[The problem]: An exact copy of all entries is required.

[Records supplied]:
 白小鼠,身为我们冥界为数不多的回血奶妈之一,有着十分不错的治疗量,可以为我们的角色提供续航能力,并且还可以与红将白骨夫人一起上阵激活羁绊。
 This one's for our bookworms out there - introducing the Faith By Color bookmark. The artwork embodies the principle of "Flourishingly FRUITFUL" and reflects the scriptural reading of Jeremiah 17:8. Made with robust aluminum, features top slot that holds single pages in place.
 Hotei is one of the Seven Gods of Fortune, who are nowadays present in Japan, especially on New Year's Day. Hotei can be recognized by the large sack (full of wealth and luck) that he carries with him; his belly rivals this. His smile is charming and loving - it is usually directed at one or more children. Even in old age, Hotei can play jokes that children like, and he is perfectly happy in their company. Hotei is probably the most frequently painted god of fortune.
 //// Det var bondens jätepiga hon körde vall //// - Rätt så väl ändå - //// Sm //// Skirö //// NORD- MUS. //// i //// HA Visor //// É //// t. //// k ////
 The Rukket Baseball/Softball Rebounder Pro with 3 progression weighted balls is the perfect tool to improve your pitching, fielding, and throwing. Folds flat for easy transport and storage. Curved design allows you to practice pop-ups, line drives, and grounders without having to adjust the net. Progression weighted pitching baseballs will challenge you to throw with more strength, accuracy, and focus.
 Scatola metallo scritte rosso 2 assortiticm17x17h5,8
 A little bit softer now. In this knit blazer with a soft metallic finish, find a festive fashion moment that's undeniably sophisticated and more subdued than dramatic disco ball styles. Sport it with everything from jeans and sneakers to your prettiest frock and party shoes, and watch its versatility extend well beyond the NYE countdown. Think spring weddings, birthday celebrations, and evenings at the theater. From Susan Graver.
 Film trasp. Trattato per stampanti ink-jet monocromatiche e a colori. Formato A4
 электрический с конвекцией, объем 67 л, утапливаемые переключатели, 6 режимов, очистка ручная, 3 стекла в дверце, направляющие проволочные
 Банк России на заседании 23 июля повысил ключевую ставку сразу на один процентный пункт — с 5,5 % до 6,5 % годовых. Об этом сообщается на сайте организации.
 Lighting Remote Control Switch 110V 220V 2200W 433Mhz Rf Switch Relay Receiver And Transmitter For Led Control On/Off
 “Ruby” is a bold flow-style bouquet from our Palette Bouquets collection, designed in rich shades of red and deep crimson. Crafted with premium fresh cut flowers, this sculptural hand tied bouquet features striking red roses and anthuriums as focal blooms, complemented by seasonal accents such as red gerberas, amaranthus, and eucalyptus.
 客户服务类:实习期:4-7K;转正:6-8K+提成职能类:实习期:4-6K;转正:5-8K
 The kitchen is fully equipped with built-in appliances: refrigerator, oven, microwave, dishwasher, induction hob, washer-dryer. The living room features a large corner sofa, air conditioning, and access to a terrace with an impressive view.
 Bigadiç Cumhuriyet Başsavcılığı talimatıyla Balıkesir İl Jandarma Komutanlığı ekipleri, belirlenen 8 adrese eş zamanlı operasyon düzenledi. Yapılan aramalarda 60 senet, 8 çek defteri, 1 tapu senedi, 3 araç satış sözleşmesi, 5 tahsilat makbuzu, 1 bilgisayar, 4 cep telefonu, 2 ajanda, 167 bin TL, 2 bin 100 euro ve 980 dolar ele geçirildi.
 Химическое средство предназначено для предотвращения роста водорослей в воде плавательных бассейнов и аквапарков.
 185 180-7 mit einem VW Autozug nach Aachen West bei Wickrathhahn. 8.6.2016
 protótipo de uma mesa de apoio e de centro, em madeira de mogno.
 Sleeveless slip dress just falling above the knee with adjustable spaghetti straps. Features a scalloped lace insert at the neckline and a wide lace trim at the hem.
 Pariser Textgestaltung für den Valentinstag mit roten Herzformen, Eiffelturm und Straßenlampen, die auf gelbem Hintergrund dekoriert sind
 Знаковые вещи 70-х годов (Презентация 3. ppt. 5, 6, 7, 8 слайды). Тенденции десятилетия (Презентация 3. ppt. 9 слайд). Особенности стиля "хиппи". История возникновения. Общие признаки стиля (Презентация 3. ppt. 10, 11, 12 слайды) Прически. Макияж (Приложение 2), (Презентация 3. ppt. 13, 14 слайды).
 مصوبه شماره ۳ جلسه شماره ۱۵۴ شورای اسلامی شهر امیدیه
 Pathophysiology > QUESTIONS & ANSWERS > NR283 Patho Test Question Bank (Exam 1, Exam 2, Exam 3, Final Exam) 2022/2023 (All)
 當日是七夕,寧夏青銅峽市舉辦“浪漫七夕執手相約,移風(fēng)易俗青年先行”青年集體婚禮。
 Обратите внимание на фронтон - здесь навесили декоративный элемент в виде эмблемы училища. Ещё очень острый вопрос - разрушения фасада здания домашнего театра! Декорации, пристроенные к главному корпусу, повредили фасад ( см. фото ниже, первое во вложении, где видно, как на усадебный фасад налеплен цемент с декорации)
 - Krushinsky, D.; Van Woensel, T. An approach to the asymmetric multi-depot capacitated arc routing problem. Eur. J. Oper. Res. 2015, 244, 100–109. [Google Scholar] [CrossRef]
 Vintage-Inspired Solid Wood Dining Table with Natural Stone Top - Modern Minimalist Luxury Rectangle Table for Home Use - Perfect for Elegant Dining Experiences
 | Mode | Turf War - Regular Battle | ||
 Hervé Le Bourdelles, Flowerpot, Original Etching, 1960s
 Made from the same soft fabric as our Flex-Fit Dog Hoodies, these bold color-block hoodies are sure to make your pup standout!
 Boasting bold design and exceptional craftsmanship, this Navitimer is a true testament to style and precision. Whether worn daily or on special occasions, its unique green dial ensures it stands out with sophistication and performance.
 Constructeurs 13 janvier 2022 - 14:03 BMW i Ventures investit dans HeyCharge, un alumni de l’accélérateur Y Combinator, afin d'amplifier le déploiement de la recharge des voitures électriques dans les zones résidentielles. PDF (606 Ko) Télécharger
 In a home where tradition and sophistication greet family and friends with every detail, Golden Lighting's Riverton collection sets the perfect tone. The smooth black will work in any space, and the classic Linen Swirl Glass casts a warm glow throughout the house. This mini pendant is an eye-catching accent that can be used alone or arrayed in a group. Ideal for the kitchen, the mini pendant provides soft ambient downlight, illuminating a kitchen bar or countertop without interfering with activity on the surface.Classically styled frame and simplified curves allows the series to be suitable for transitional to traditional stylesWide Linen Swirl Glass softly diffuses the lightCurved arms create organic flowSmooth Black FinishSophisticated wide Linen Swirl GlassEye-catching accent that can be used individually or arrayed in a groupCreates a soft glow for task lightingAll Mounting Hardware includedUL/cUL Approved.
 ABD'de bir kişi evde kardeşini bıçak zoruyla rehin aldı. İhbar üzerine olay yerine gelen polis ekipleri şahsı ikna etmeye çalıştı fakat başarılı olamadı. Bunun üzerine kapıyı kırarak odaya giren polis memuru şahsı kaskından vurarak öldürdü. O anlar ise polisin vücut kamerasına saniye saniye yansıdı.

[Solution to the exercise]:
 白小鼠,身为我们冥界为数不多的回血奶妈之一,有着十分不错的治疗量,可以为我们的角色提供续航能力,并且还可以与红将白骨夫人一起上阵激活羁绊。
 This one's for our bookworms out there - introducing the Faith By Color bookmark. The artwork embodies the principle of "Flourishingly FRUITFUL" and reflects the scriptural reading of Jeremiah 17:8. Made with robust aluminum, features top slot that holds single pages in place.
 Hotei is one of the Seven Gods of Fortune, who are nowadays present in Japan, especially on New Year's Day. Hotei can be recognized by the large sack (full of wealth and luck) that he carries with him; his belly rivals this. His smile is charming and loving - it is usually directed at one or more children. Even in old age, Hotei can play jokes that children like, and he is perfectly happy in their company. Hotei is probably the most frequently painted god of fortune.
 //// Det var bondens jätepiga hon körde vall //// - Rätt så väl ändå - //// Sm //// Skirö //// NORD- MUS. //// i //// HA Visor //// É //// t. //// k ////
 The Rukket Baseball/Softball Rebounder Pro with 3 progression weighted balls is the perfect tool to improve your pitching, fielding, and throwing. Folds flat for easy transport and storage. Curved design allows you to practice pop-ups, line drives, and grounders without having to adjust the net. Progression weighted pitching baseballs will challenge you to throw with more strength, accuracy, and focus.
 Scatola metallo scritte rosso 2 assortiticm17x17h5,8
 A little bit softer now. In this knit blazer with a soft metallic finish, find a festive fashion moment that's undeniably sophisticated and more subdued than dramatic disco ball styles. Sport it with everything from jeans and sneakers to your prettiest frock and party shoes, and watch its versatility extend well beyond the NYE countdown. Think spring weddings, birthday celebrations, and evenings at the theater. From Susan Graver.
 Film trasp. Trattato per stampanti ink-jet monocromatiche e a colori. Formato A4
 электрический с конвекцией, объем 67 л, утапливаемые переключатели, 6 режимов, очистка ручная, 3 стекла в дверце, направляющие проволочные
 Банк России на заседании 23 июля повысил ключевую ставку сразу на один процентный пункт — с 5,5 % до 6,5 % годовых. Об этом сообщается на сайте организации.
 Lighting Remote Control Switch 110V 220V 2200W 433Mhz Rf Switch Relay Receiver And Transmitter For Led Control On/Off
 “Ruby” is a bold flow-style bouquet from our Palette Bouquets collection, designed in rich shades of red and deep crimson. Crafted with premium fresh cut flowers, this sculptural hand tied bouquet features striking red roses and anthuriums as focal blooms, complemented by seasonal accents such as red gerberas, amaranthus, and eucalyptus.
 客户服务类:实习期:4-7K;转正:6-8K+提成职能类:实习期:4-6K;转正:5-8K
 The kitchen is fully equipped with built-in appliances: refrigerator, oven, microwave, dishwasher, induction hob, washer-dryer. The living room features a large corner sofa, air conditioning, and access to a terrace with an impressive view.
 Bigadiç Cumhuriyet Başsavcılığı talimatıyla Balıkesir İl Jandarma Komutanlığı ekipleri, belirlenen 8 adrese eş zamanlı operasyon düzenledi. Yapılan aramalarda 60 senet, 8 çek defteri, 1 tapu senedi, 3 araç satış sözleşmesi, 5 tahsilat makbuzu, 1 bilgisayar, 4 cep telefonu, 2 ajanda, 167 bin TL, 2 bin 100 euro ve 980 dolar ele geçirildi.
 Химическое средство предназначено для предотвращения роста водорослей в воде плавательных бассейнов и аквапарков.
 185 180-7 mit einem VW Autozug nach Aachen West bei Wickrathhahn. 8.6.2016
 protótipo de uma mesa de apoio e de centro, em madeira de mogno.
 Sleeveless slip dress just falling above the knee with adjustable spaghetti straps. Features a scalloped lace insert at the neckline and a wide lace trim at the hem.
 Pariser Textgestaltung für den Valentinstag mit roten Herzformen, Eiffelturm und Straßenlampen, die auf gelbem Hintergrund dekoriert sind
 Знаковые вещи 70-х годов (Презентация 3. ppt. 5, 6, 7, 8 слайды). Тенденции десятилетия (Презентация 3. ppt. 9 слайд). Особенности стиля "хиппи". История возникновения. Общие признаки стиля (Презентация 3. ppt. 10, 11, 12 слайды) Прически. Макияж (Приложение 2), (Презентация 3. ppt. 13, 14 слайды).
 مصوبه شماره ۳ جلسه شماره ۱۵۴ شورای اسلامی شهر امیدیه
 Pathophysiology > QUESTIONS & ANSWERS > NR283 Patho Test Question Bank (Exam 1, Exam 2, Exam 3, Final Exam) 2022/2023 (All)
 當日是七夕,寧夏青銅峽市舉辦“浪漫七夕執手相約,移風(fēng)易俗青年先行”青年集體婚禮。
 Обратите внимание на фронтон - здесь навесили декоративный элемент в виде эмблемы училища. Ещё очень острый вопрос - разрушения фасада здания домашнего театра! Декорации, пристроенные к главному корпусу, повредили фасад ( см. фото ниже, первое во вложении, где видно, как на усадебный фасад налеплен цемент с декорации)
 - Krushinsky, D.; Van Woensel, T. An approach to the asymmetric multi-depot capacitated arc routing problem. Eur. J. Oper. Res. 2015, 244, 100–109. [Google Scholar] [CrossRef]
 Vintage-Inspired Solid Wood Dining Table with Natural Stone Top - Modern Minimalist Luxury Rectangle Table for Home Use - Perfect for Elegant Dining Experiences
 | Mode | Turf War - Regular Battle | ||
 Hervé Le Bourdelles, Flowerpot, Original Etching, 1960s
 Made from the same soft fabric as our Flex-Fit Dog Hoodies, these bold color-block hoodies are sure to make your pup standout!
 Boasting bold design and exceptional craftsmanship, this Navitimer is a true testament to style and precision. Whether worn daily or on special occasions, its unique green dial ensures it stands out with sophistication and performance.
 Constructeurs 13 janvier 2022 - 14:03 BMW i Ventures investit dans HeyCharge, un alumni de l’accélérateur Y Combinator, afin d'amplifier le déploiement de la recharge des voitures électriques dans les zones résidentielles. PDF (606 Ko) Télécharger
 In a home where tradition and sophistication greet family and friends with every detail, Golden Lighting's Riverton collection sets the perfect tone. The smooth black will work in any space, and the classic Linen Swirl Glass casts a warm glow throughout the house. This mini pendant is an eye-catching accent that can be used alone or arrayed in a group. Ideal for the kitchen, the mini pendant provides soft ambient downlight, illuminating a kitchen bar or countertop without interfering with activity on the surface.Classically styled frame and simplified curves allows the series to be suitable for transitional to traditional stylesWide Linen Swirl Glass softly diffuses the lightCurved arms create organic flowSmooth Black FinishSophisticated wide Linen Swirl GlassEye-catching accent that can be used individually or arrayed in a groupCreates a soft glow for task lightingAll Mounting Hardware includedUL/cUL Approved.
 ABD'de bir kişi evde kardeşini bıçak zoruyla rehin aldı. İhbar üzerine olay yerine gelen polis ekipleri şahsı ikna etmeye çalıştı fakat başarılı olamadı. Bunun üzerine kapıyı kırarak odaya giren polis memuru şahsı kaskından vurarak öldürdü. O anlar ise polisin vücut kamerasına saniye saniye yansıdı.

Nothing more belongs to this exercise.